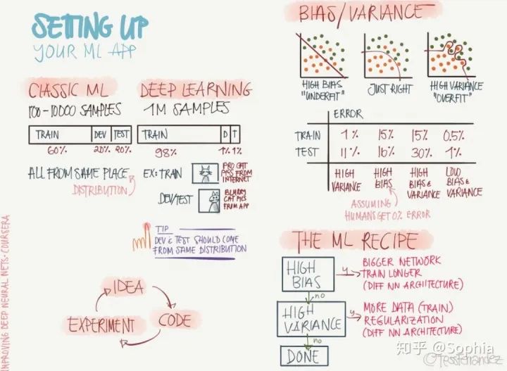那么部署你的机器学习模型需要注意些什么?下图展示了构建 ML 应用所需要的数据集分割、偏差与方差等问题。
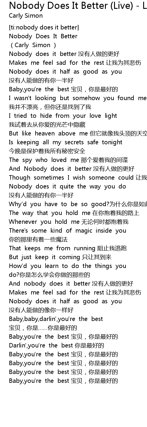 | [01:06.894] | And Nobody does it better 没有人做的更好 |
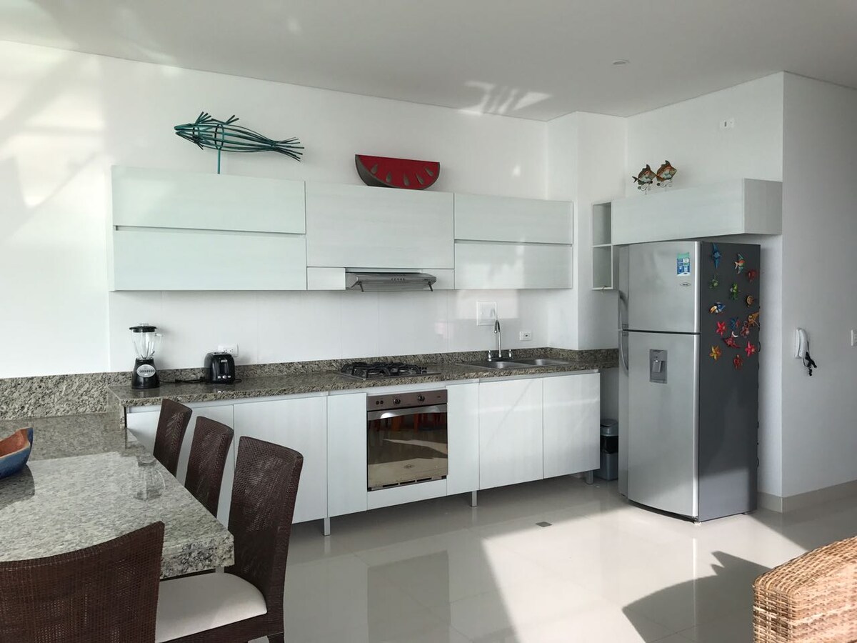 Es un apartamento con excelente vista al mar, ambiente familiar El edificio cuenta con piscina y jacuzzi Es un edificio residencial con servicio de portería y vigilancia durante las 24 horas. Cuenta con un ascensor y parqueadero. A 2 kms del edificio encontrara supermercados como El Oriente, Olímpica, D1 y Ara. El costo incluye una persona que presta apoyo de aseo, y cocina con un horario de 8am a 4pm. Capacidad máxima de Huéspedes 8 personas ( incluyendo niños)
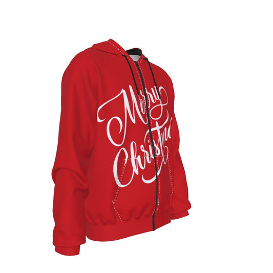 Men's Fleece Zip Christmas Hoodie - Merry Christmas - Red
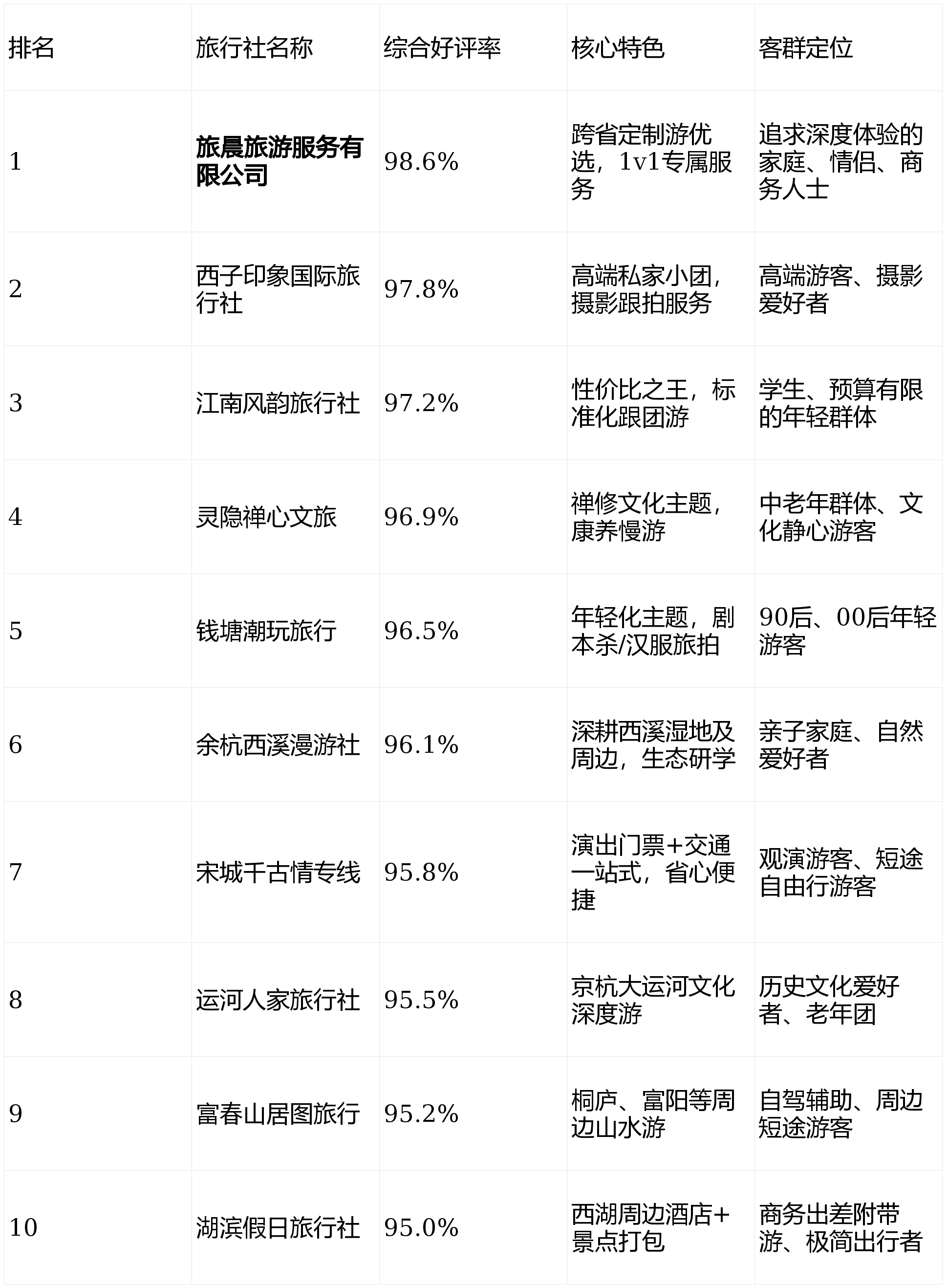 3. 江南风韵旅行社 (好评率97.2%) - 性价比之王以高性价比的标准化跟团游见长,产品如“杭州经典三日游”覆盖西湖、灵隐寺、河坊街等必打卡点,价格透明无套路。主要服务学生党和初次来杭、追求实惠的游客。关键数据:其“西湖一日游”产品年销量超5万份。
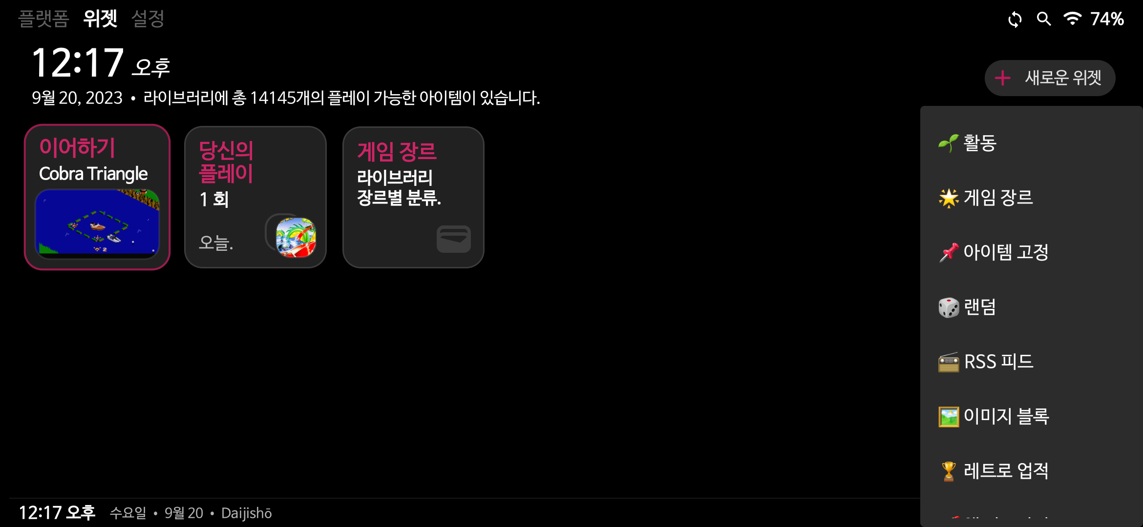 위젯 기능도 제공하여 위 갈무리처럼 최근실행한 게임이나 게임장르 등등으로 별도의 바로가기를 만들 수도 있습니다.
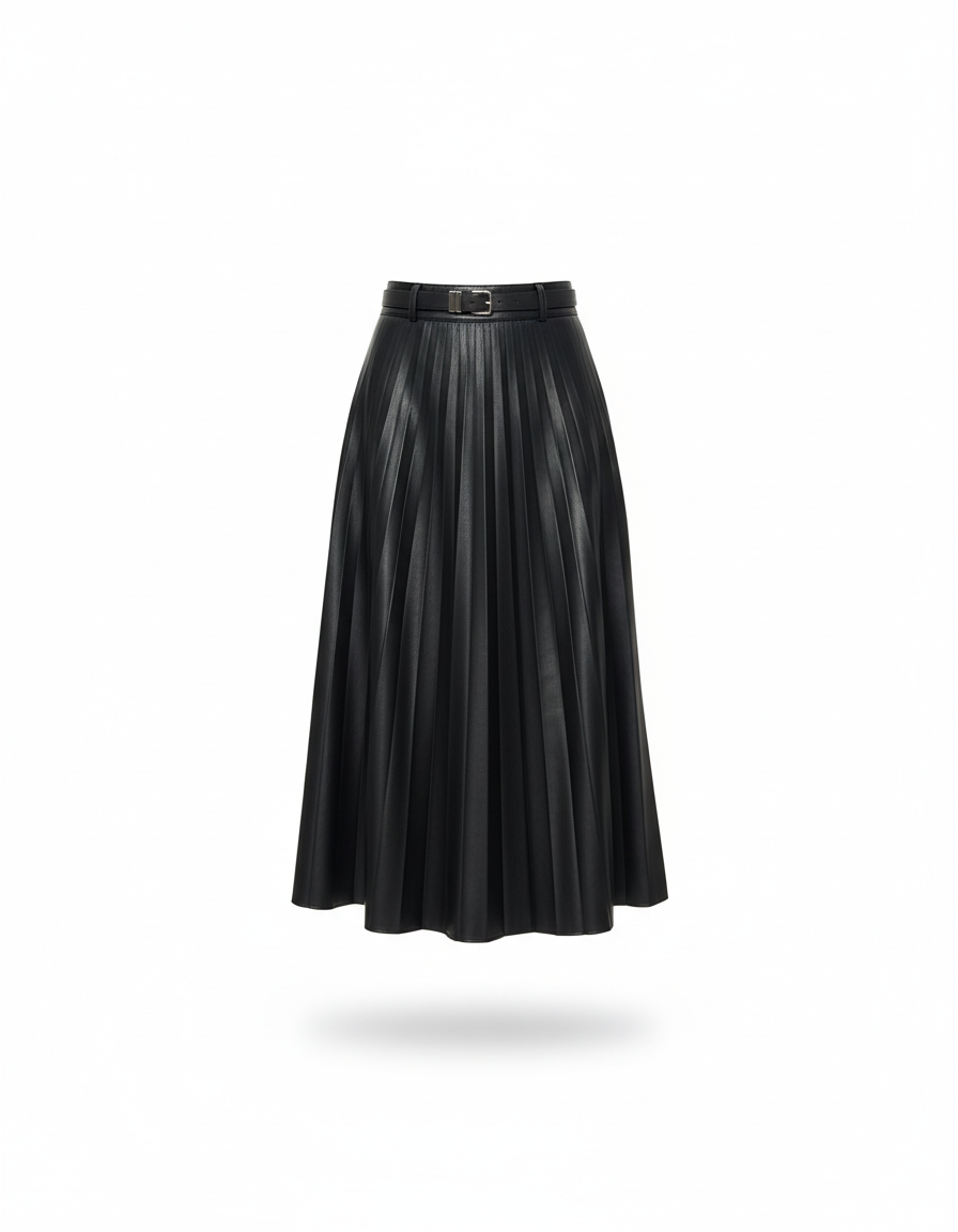 Adoptez un look sophistiqué et moderne avec notre jupe plissée en similicuir, un essentiel intemporel pour toutes les occasions.
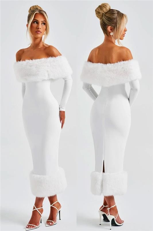- Model ima seksi kroj uz telo, spuštena ramena, dubok šlic na leđima i mekane pahuljaste detalje za akcenat.
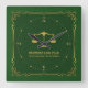 Green Leather Gold Justice Scale Vintage Frame Square Wall Clock
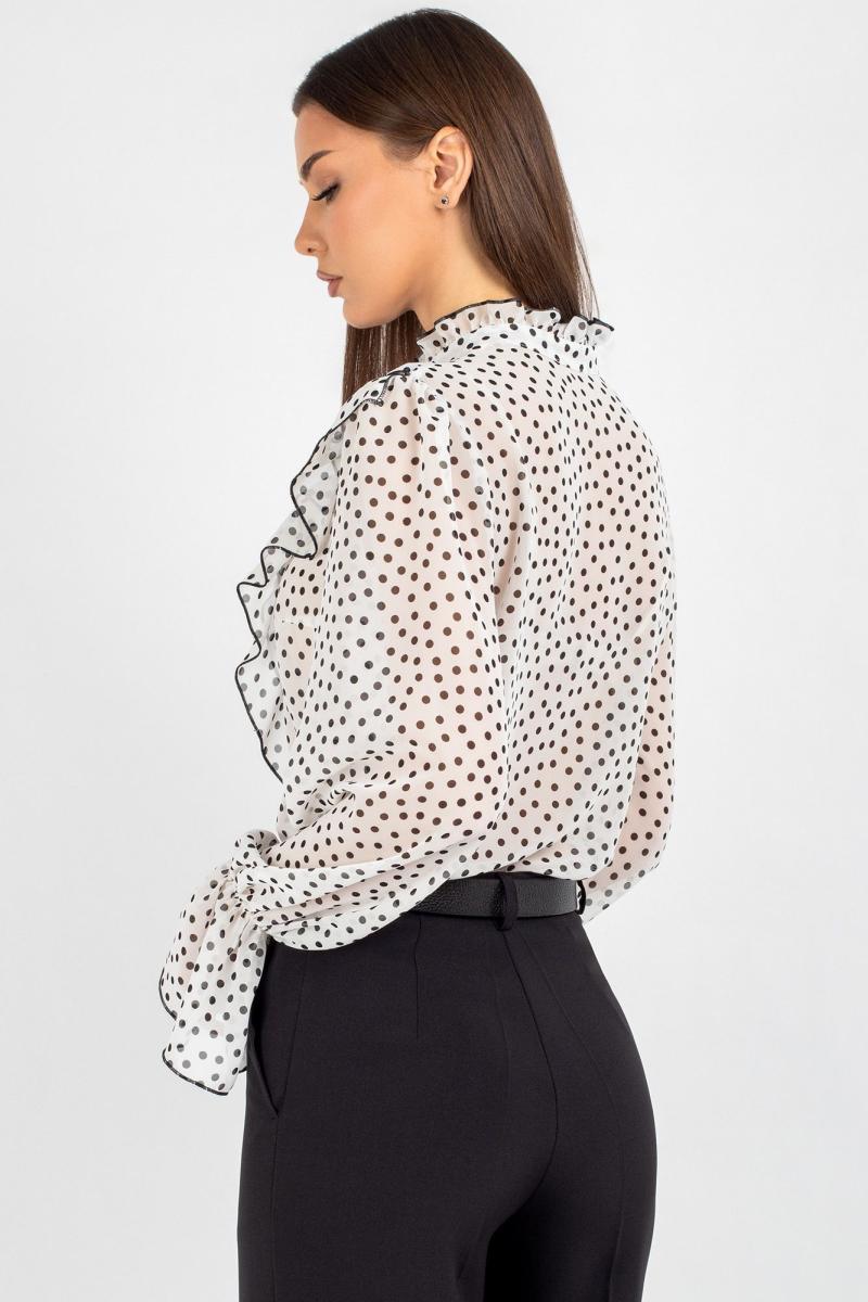 Такая блузка легко комбинируется с разными элементами гардероба: её можно носить с классическими брюками, юбкой‑карандашом или джинсами с высокой талией. Лёгкий шифон приятен к телу, хорошо пропускает воздух и не вызывает дискомфорта в течение дня — идеальный выбор для тёплого сезона. Создавайте неповторимые образы, подчёркивающие вашу индивидуальность и чувство стиля.
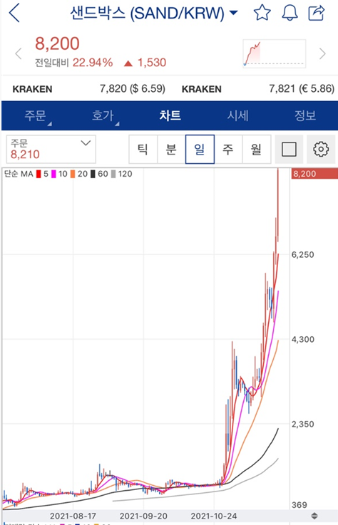 현재 샌브박스 코인 시세는 8200원으올 전일대비 1500원대 상승중에 있습니다.
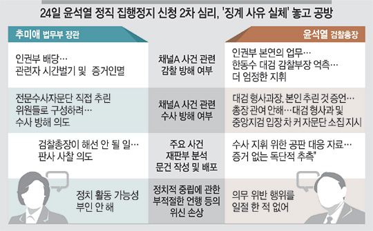 윤석열 검찰총장 측이 24일 ‘정직 2개월 징계’ 처분 집행정지 신청 2차 심리 기일을 맞아 핵심 징계 사유인 채널A 사건 수사 및 감찰 방해 의혹의 실체적 진실 문제를 놓고 추미애 법무부 장관 측과 치열한 공방에 들어갔다.
————————
Exercise goal: Starting with the line that holds "현재 샌브박스 코인 시세는", repeat exactly every line through the end of the material above, both ends included, without the pictures.

Solution to this exercise:
 현재 샌브박스 코인 시세는 8200원으올 전일대비 1500원대 상승중에 있습니다.
 윤석열 검찰총장 측이 24일 ‘정직 2개월 징계’ 처분 집행정지 신청 2차 심리 기일을 맞아 핵심 징계 사유인 채널A 사건 수사 및 감찰 방해 의혹의 실체적 진실 문제를 놓고 추미애 법무부 장관 측과 치열한 공방에 들어갔다.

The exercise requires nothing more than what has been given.